It is of interest to mention that some other regressors were subjected to experimentation such as the LightGMB or Catboost regressor. However, these results were omitted because they show the inability of the regressors to be trained satisfactorily to generate a forecast. This fact matches with previous research [62] which mentioned the abundant amount of data necessary for these two methods and their correct training. Within the context of this work, and many others where the case studies have a limited amount of data, an open challenge remains because the relations between time and space in time series are dynamic, therefore the analysis performed is valid only for a short-term period.

Remembering that the main objective of this work is the study and detection of anomalies within domestic electricity consumption data, the previous results become relevant by providing us with the forecast that will be used in the detection of anomalies. However, despite the importance of generating a forecast that is as close to the test data as possible (see Figure 7), the available resources have not been fully allocated to achieve this goal and minimize the error. The results obtained in the generation of the electric energy consumption forecast can be improved, but they represent a good basis to continue with the methodology.

The methodology for altering the forecast tries to emulate in the best possible way different scenarios that can occur on a day-to-day basis in domestic electricity consumption. The main interest of this work is the increases and decreases in electrical consumption that have been determined as anomalous. Within this methodology, it is always ensured that a certain percentage of different dates are chosen randomly for data modification, as this allows for fair comparisons. Omitting them can cause the same date to be chosen twice and produce misleading results in the iteration. Likewise, the certainty of generating alteration factors that remain within the expected real context of electrical consumption is implemented. This means that the modified forecast always remains within the range of a home’s actual electrical consumption, without presenting extremely large, small or even negative values.

The analysis of the results obtained in the prediction and anomaly detection process share a special characteristic: depending on the main objective being worked on, there is a metric that best describes that objective. A broad set of metrics has been transparently presented to provide a complete picture to achieve a deep understanding of the results. Additionally, after SHAP analysis over one instance identified by the outlier prediction model as abnormal, enables a deeper understanding of why variables’ values make that instance abnormal.

7. Conclusions

An electricity consumption prediction model has been developed using exogenous and endogenous variables during training with a mean absolute percentage error amount of less than 18% using a random forest regressor. The quality of the model has been ensured by performing cross-validation through the backtesting procedure respecting the time-dependent nature of the time series. At the same time, the appropriate hyperparameter has been chosen for training, seeking to maximize performance metrics.

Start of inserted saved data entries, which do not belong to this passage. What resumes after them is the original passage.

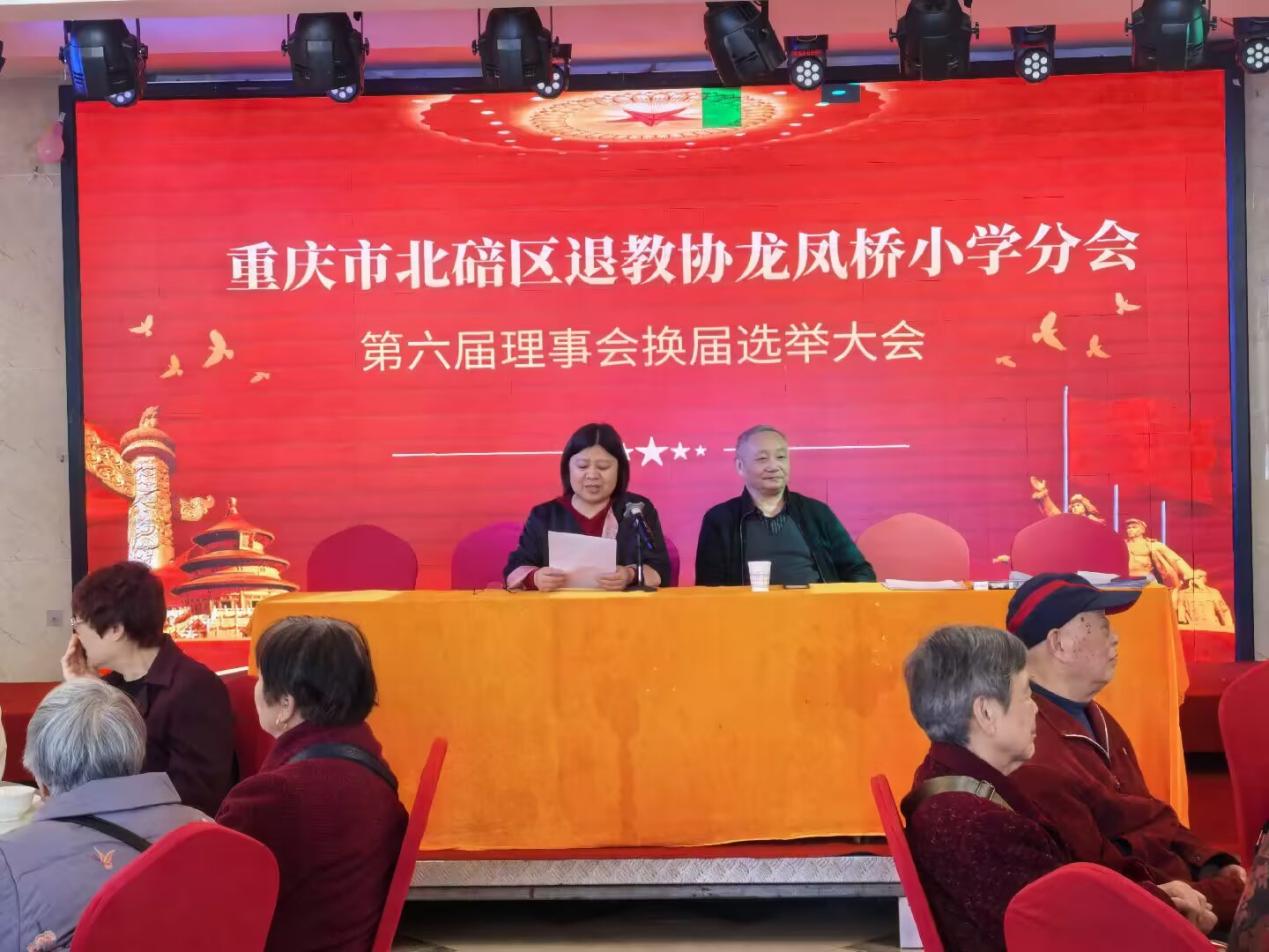 2026年3月30日,北碚区教退协龙凤桥小学第六届分会换届选举大会隆重召开。区教退协秘书长蒲仑、学校领导及退休教师代表参加会议。本次大会应到会员80人,实到59人,符合换届选举法定程序,会议顺利完成各项议程。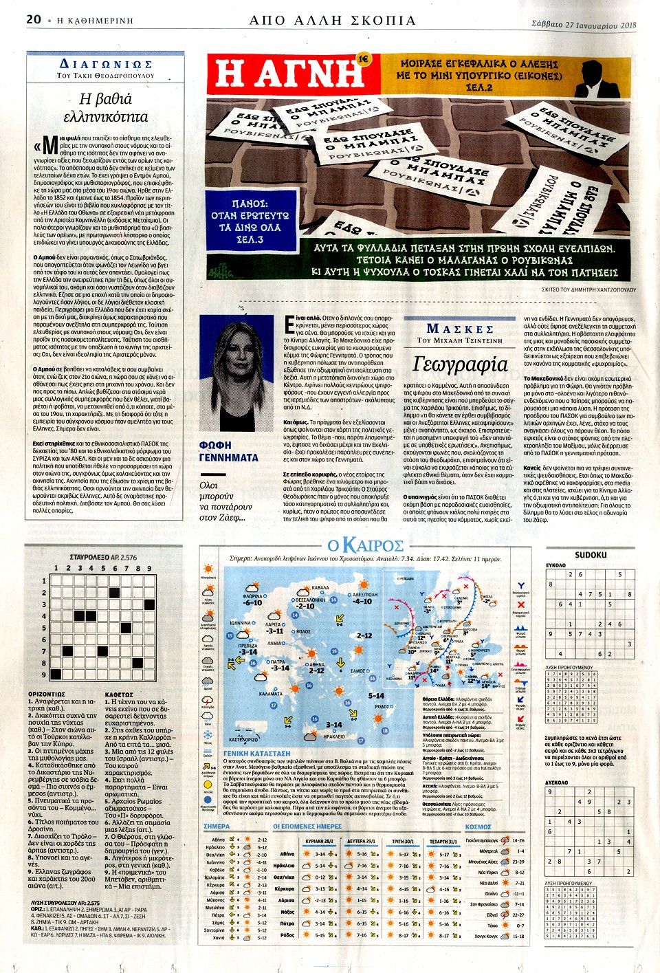 ΚΑΘΗΜΕΡΙΝΗ - 27 Ιανουαρίου 2018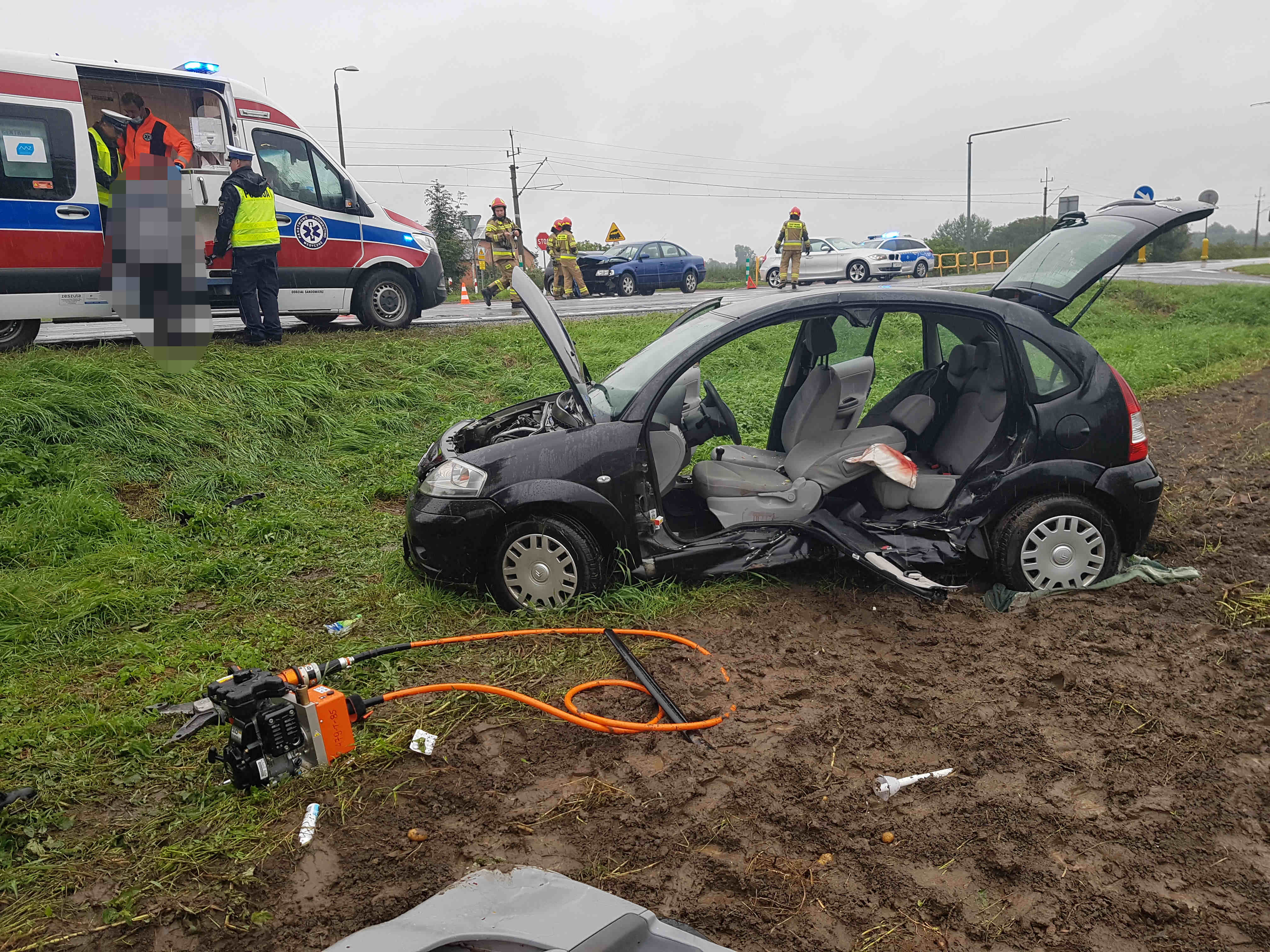 Wypadek drogowy w miejscowości Łążek powiat sandomierski
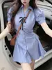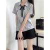 Traje de verano para mujer 2023 Nueva camisa de manga corta estilo universitario Vestido de tirantes adelgazante para mujer Conjunto de dos piezas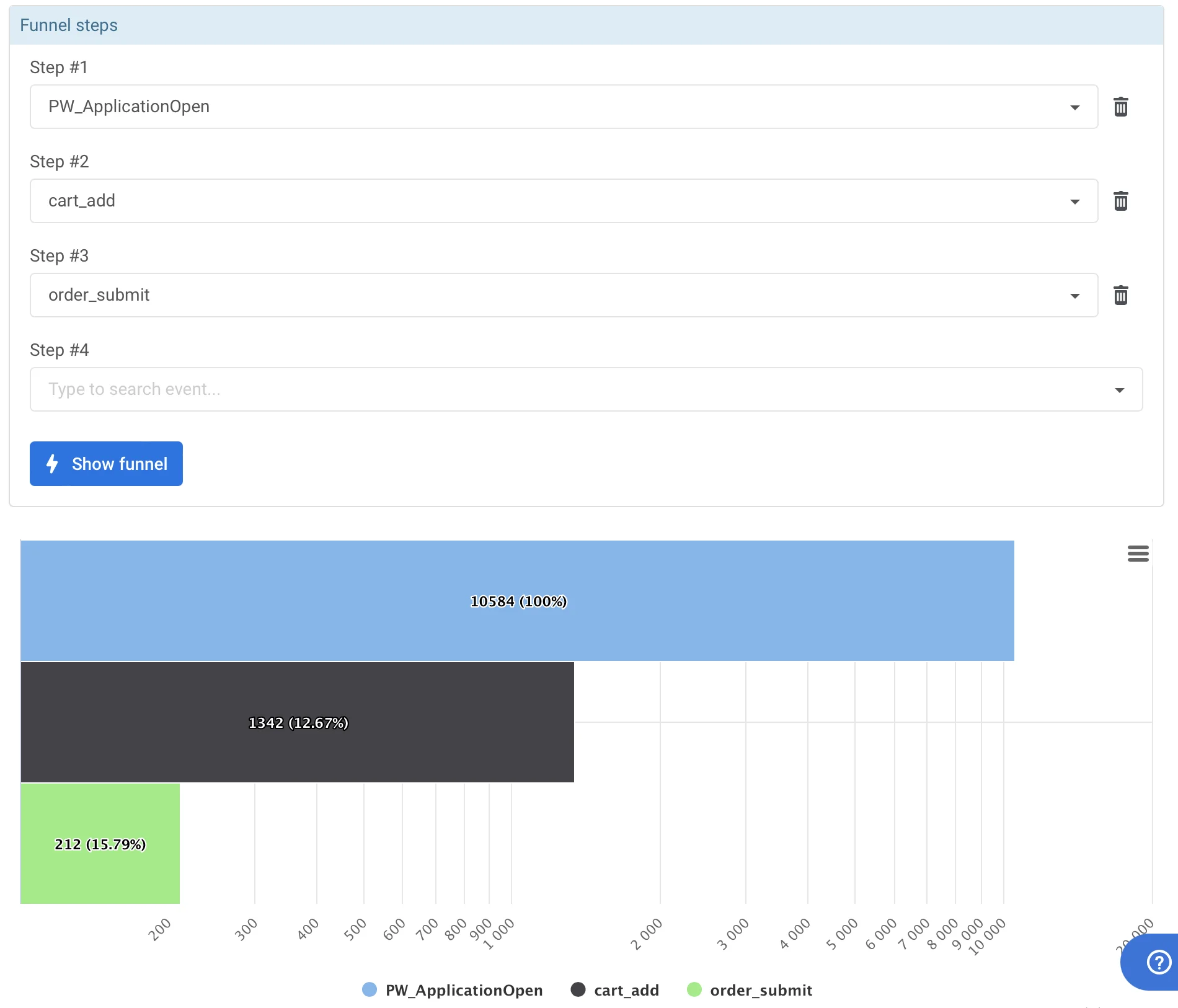 Anchor link toObtenha insights mais profundos sobre como um usuário se comporta após receber uma notificação push com o Funil de Conversão do Pushwoosh. Este novo recurso mapeia visualmente a jornada do usuário, permitindo que você acompanhe as taxas de conversão em cada estágio e otimize suas estratégias de mensagens para obter melhores resultados.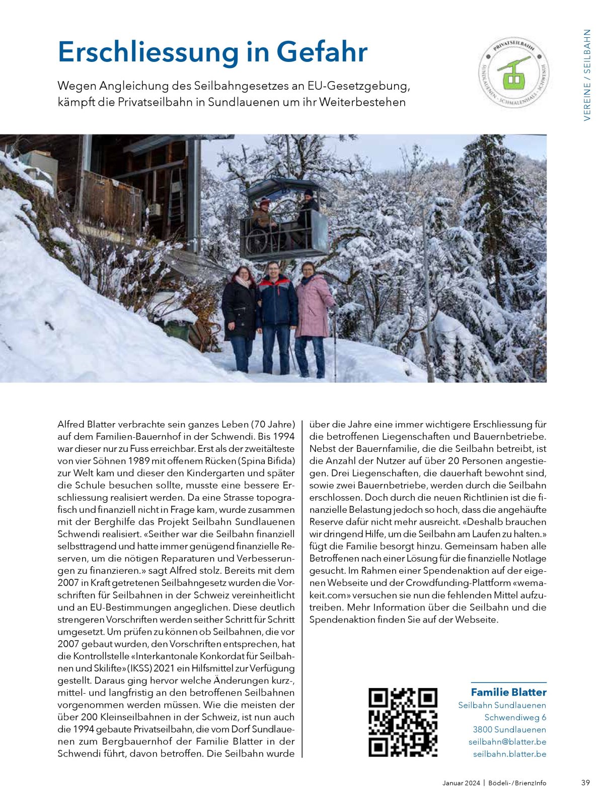 Der Weber Verlag hat uns freundlicherweise eine Seite im Bödeli Info (Ausgabe Januar 2024) gesponsert. Dies hilft uns enorm, um auf unser Problem und das damit ins Leben gerufene Crowdfunding aufmerksam zu machen. Vielen Herzlichen Dank!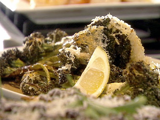 Remove the broccoli from the oven and sprinkle the cheese evenly over the top and bake until the cheese melt and forms a crisp shell over the broccoli, about 10 minutes. Lift the broccoli out onto a platter with a spatula and drizzle with fresh lemon.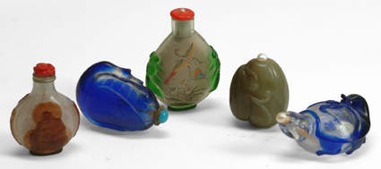 Group of 5 Snuff Bottles - L- Double overlay Buddha, LM- overlay swan, M- overlay fish, RM- Carved hardstone melon R- Overlay tortoise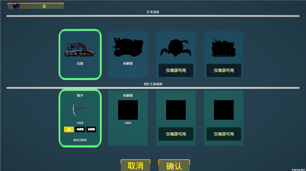 1、进入游戏内,选择你的矿车以及挖掘工具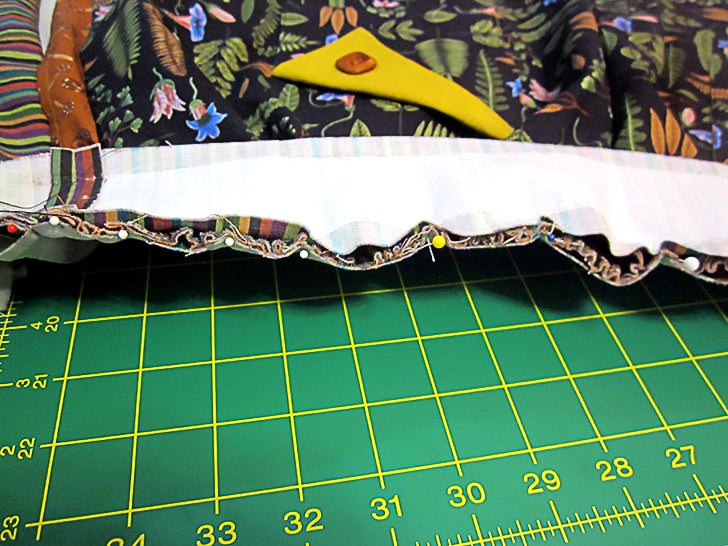 - Pin all the way across through all the layers. There should be approximately 2” of the underskirt showing to either side of the overskirt.
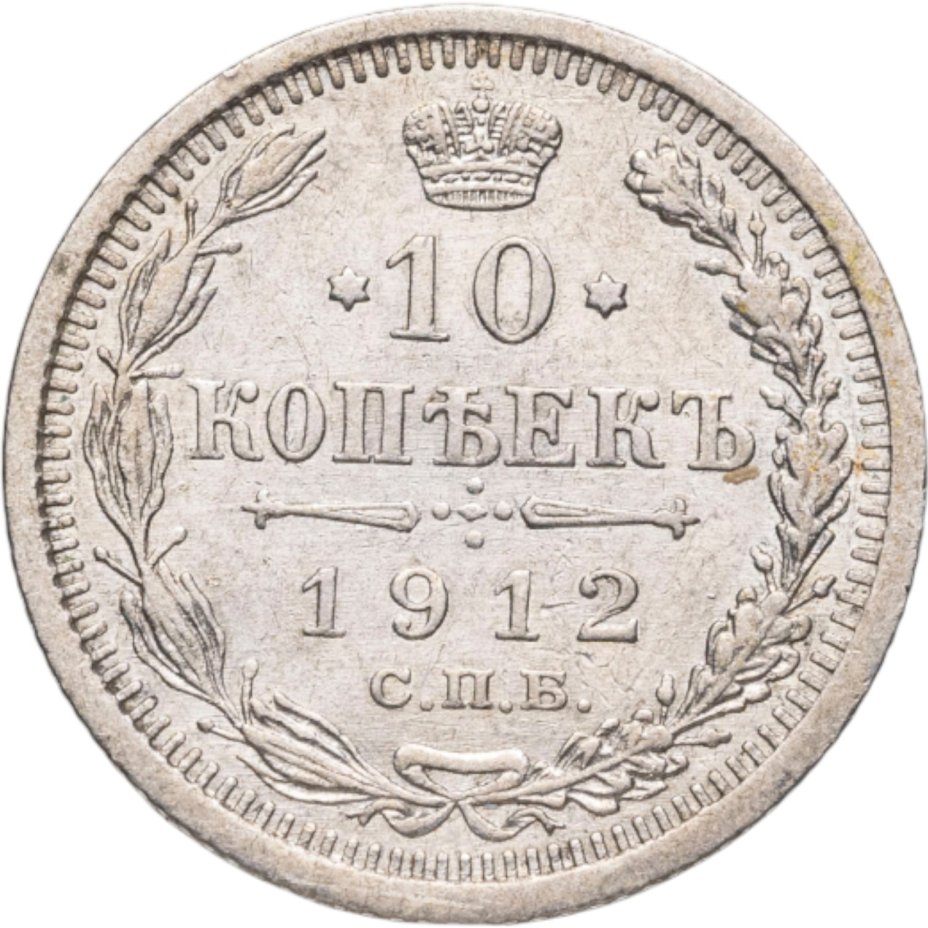 В центре указан номинал «10», ограниченный с обеих сторон звездочками. Над цифрой – Корона Российской империи. Под цифрой номинала — слово "КОПЕЕК". Ниже, расположен декоративный разделитель в виде двух разнонаправленных фигурных линий и стилизованным из точек крестом между ними. Под разделителем — дата выпуска монеты «1912». Под цифрой даты — обозначение монетного двора «С.П.Б.». Вдоль канта, не доходя до короны, изображен венок из лавровой и дубовой ветви, которые в нижней части перевязаны лентой на узел бантом. По окружности канта имеются рельефные элементы, выполненные в виде зубцов.

Using the results of this regression model, a 30-day forecast of electrical consumption, an anomaly-detection model has been developed using isolation forest, where, based on the corresponding analysis of the choice of appropriate limit, it has been possible to capture up to 75% of the artificially generated anomalies over 30 different iterations with randomly selected abnormal days. It has been decided to focus on the identification of the greatest possible number of anomalies as an objective metric because these anomalies can indicate critical problems such as failures in equipment or facilities that require immediate attention and care. The existence of false negatives, that is anomalies that have not been detected, can have serious consequences that can harm domestic inhabitants or the electrical network in general. Also, this approach allows a proactive and preventive attitude in the face of possible failures or occurrences not foreseen in the present.

The main contribution of this research is the use of Shapley values to explain the results of a model capable of detecting anomalous data, in this case isolation forest. The motivation is to try to “close the circle” and visualize the situation where anomaly detection is carried out without the certainty of which ones exist within the timeline. Lacking this certainty, being able to generate knowledge of which variables lead the model to generate said result is valuable information to eventually determine the veracity of the results. Another contribution is the transformation, use, and analysis of domestic electricity consumption data in Mexico, for the development of regression and anomaly-detection models. Additionally, this work contributes to establishing a methodology for the generation of anomalies within this context and the use of an explainable AI technique to generate an understanding of the results of the anomaly-detection model.

This hybrid approach is a new proposal to identify outliers considering the prediction of energy consumption and to understand the cause of them by using XAI. All these can guide the design of other applications to understand users or environmental abnormal behaviors for other purposes. For instance, the medical or healthcare abnormal behavior (increase or decrease) of energy consumption can be correlated with the fall of an elderly person living alone. We considered relevant the definition of anomaly proposed in this work, and this can help future researchers establish a basis for the Mexican context to work on.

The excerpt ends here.